Once informed of the artificiality of the life structured for them, the parents sue (unsuccessfully) for more detail of the experiment and responsibility for its results. The brothers themselves are outraged. “How does it make me feel?” asks one retrospectively. “Like a lab rat!”
The second part of the film documents the step-by-step search for ‘Why did this happen?’ The filmmaker engages and documents the efforts of Lawrence Wright, a driven journalist who tracks down and interviews whomever he can who was involved in this ethically compromised scientific endeavor. Unfortunately, the main protagonists are dead, and the research material is locked in a Yale University vault until late in the 21st Century.
The film does present, however, discussions with two participants — although only briefly involved as graduate assistants, they reveal with unnerving casualness their lack of concern with the residue left by the experiment, and use its lofty goals to justify its dubious methodology. This attitude is all the more astonishing given many of the participants’ background as direct and indirect Holocaust victims of Nazi manipulations (the study leader, a distinguished psychoanalyst, and his associates, his funders, and the participating adoption agency were themselves mostly Jewish individuals and institutions).
The film skillfully weaves these personal and philosophical threads into an engrossing tapestry, building suspense by its sequential revelations, as first the brothers, then the adoptive parents, comprehend and contend with the issues involved, followed by the detective-like discovery of the shocking backstory.

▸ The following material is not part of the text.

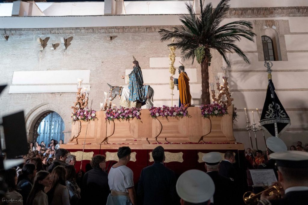 El paso de misterio figura comandado en labores de capataz por su actual hermano mayor, Francisco Pérez Lorenzo, que está asistido en labores auxiliares por Juan Maldonado Vázquez, Juan Arráez Lozano y Gonzalo Arcas Pérez. Ha cerrado esta sección cristífera la Agrupación Musical El Carpio (Córdoba), que ha dejado muy buena impronta de su saber hacer en la interpretación de marchas procesionales. Posicionada en el atrio, y con la imagen cristífera en el interior de la iglesia, se ha dejado oír la marcha “Virgen de las Angustias”, para continuar con el himno de España a la salida del paso de misterio y seguir con “Tu Dulce Rostro cautivo”. Ya en los momentos previos a la bajada de la rampa han tocado la marcha “Virgen de la Paz” para seguir con un conjunto de composiciones muy conocidas, entre las que se pueden citar “Al Rey de los Reyes”, “Est in gloria”, Jesús del Prendimiento”, Costaleros de fe”, “Tu humilde mirada”, la siempre admirada “Saeta” y la propia que remarca el título de la hermandad, “Entrando en Jerusalén”.

But the documentary’s reportorial structure fails it as a documentary. Its story-telling need to have a beginning, middle, and end leads to a final return to the topic of one brother’s suicide, searching for a cause where one may not readily exist. Discussions with surviving brothers and relatives speculate on a sometimes-rocky parental relationship, culminating in a painful “60 Minutes”-like interview in which the adoptive father is pressed to admit potential fault as a remote disciplinarian.
Given the film’s careful structuring up to now of both sides of the heredity/context conundrum, this final coda is a jarring shift. Whether the home environment was contributing or not, to assert it as the primary cause of an essentially irrational act feels as if the filmmaker Wardle is putting his thumb squarely on the scales for nurture (in this case, a lack of it) versus nature (potential mental illness) — falling back on his own opinion to answer the unanswerable question of cause and effect.
All in all, however, the careful structure and cumulative drama of the revelations provides ample reason to enjoy this beautifully crafted film, even though one is left with the realization that the question of genetics versus environment will always be unresolved — like the original conception of the triplets themselves, mysterious and miraculous.